During 8th grade, I had a chance to take a summer class and I chose a language. I failed horribly because I wasn't really into it. My counselor told me that it would be on my transcript but won't accept my gpa. I'm currently in the IB program (pre ib, since Im a freshman), and taking a different language, which I'm passing. Will the failing grade ruin my chances?
Most colleges only consider your 9th -12th transcript so it depends on what summer you are talking about. The summer before 9th grade is considered 9th grade, not 8th grade. But the summer after 7th grade is considered 8th grade.

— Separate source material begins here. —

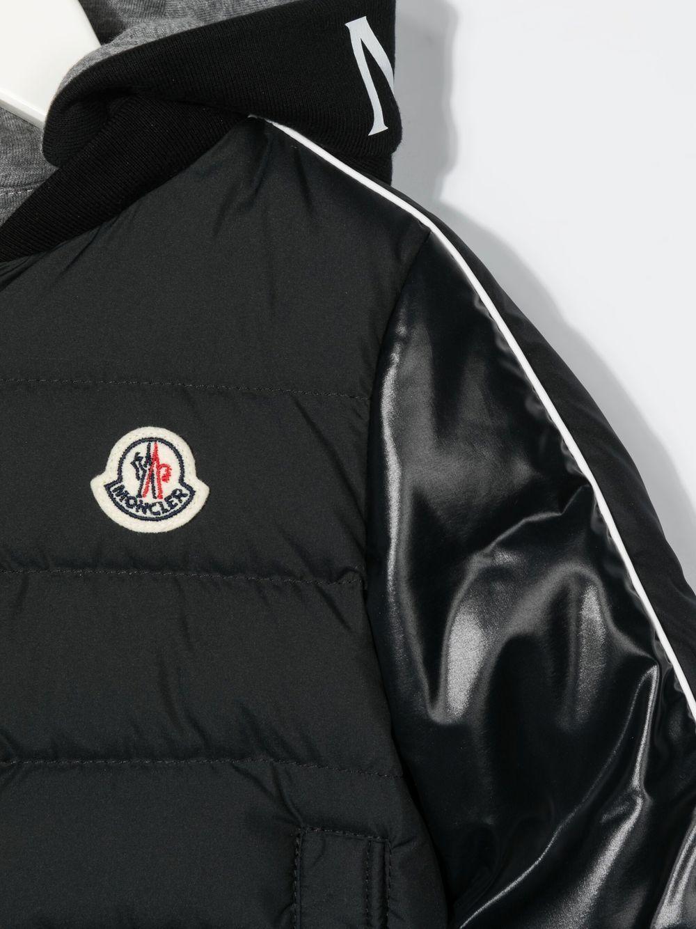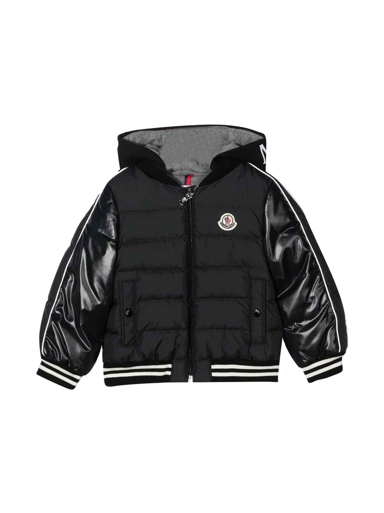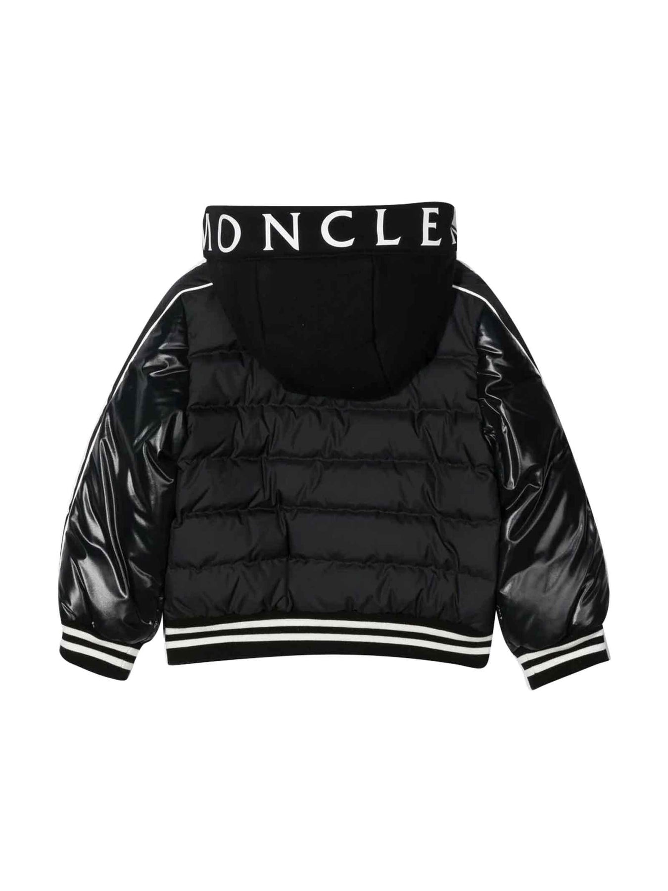 Giubbino nero neonato unisex Moncler kids con cappuccio. Design imbottito, design a inserti, stampa con logo sul cappuccio, applicazione con logo sul petto, chiusura frontale con zip, maniche lunghe, rifinitura a coste, bordo a righe e due tasche laterali con bottone. Piuma D'oca 100%, Cotone 100%

If you failed the summer school class in your Summer 9th session, then colleges will see this on your transcript. However, if it was just 8th grade, then I don't think it will matter too much but you need a good explanation.
If you are applying to Ivy League schools, you must have a good reason for failing this subject. Stating that you "weren't into it" is not a good reason regardless of your maturity level at age 13. And when you state that you are taking a different language which you are passing, what exactly does that mean? Are you getting an A, B, C, or D? These are all passing grades BTW but 3 out of 4 of them are not Ivy League worthy.

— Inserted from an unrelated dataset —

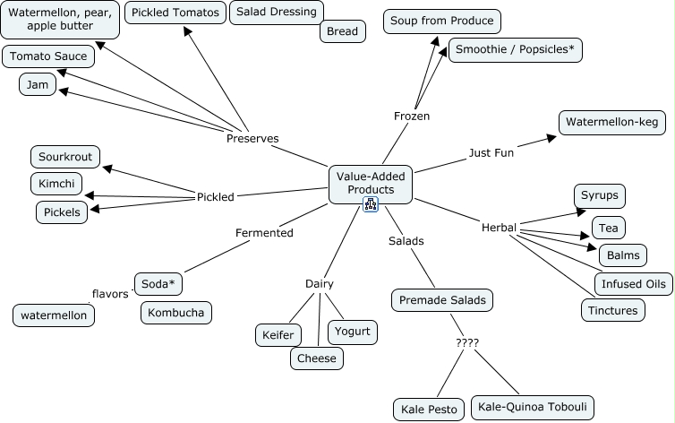This Concept Map, created with IHMC CmapTools, has information related to: Value-Added Products, Value-Added Products Salads Premade Salads, Value-Added Products Preserves Watermellon, pear, apple butter, Value-Added Products Frozen Smoothie / Popsicles*, Value-Added Products Herbal Tea, Value-Added Products Herbal Syrups, Soda* flavors watermellon, Premade Salads ???? Kale Pesto, Value-Added Products Dairy Yogurt, Value-Added Products Just Fun Watermellon-keg, Value-Added Products Frozen Soup from Produce, Value-Added Products Preserves Jam, Value-Added Products Dairy Keifer, Value-Added Products Herbal Infused Oils, Value-Added Products Herbal Balms, Value-Added Products Fermented Soda*, Value-Added Products Herbal Tinctures, Value-Added Products Preserves Tomato Sauce, Value-Added Products Pickled Sourkrout, Value-Added Products Pickled Kimchi, Value-Added Products Dairy Cheese

"Just passing" is more worrisome than the 8th-grade debacle so you need to address this new problem before it gets out of hand. You do not wish for a dark cloud over your transcript that you will not be able to erase. Keep in mind that Ivy league schools prefer students with 4 years of language, 3 minimum.
Each year admission rates are getting tougher and tougher and there are always more students applying to Ivies so you really need a 3.9 minimum unweighted GPA to be competitive. That means about 1 or 2 Bs maximum depending on how many classes you take each year of high school. And typically, your higher-level IB classes are much much harder than a language, so you are not giving yourself much room for error in the rest of your high school coursework if languages are your weakness.
I wish you the best, but there is no way out of doing a better job in this area of your academic rigor if you want to be a contender.
Yes, if you are applying to an Ivy league.
NO if it's a subpar school, such as public universities like University of Michigan.
To keep this community safe and supportive:
it was the summer before 8th grade. My counselor said it would be on my transcript, so could that change?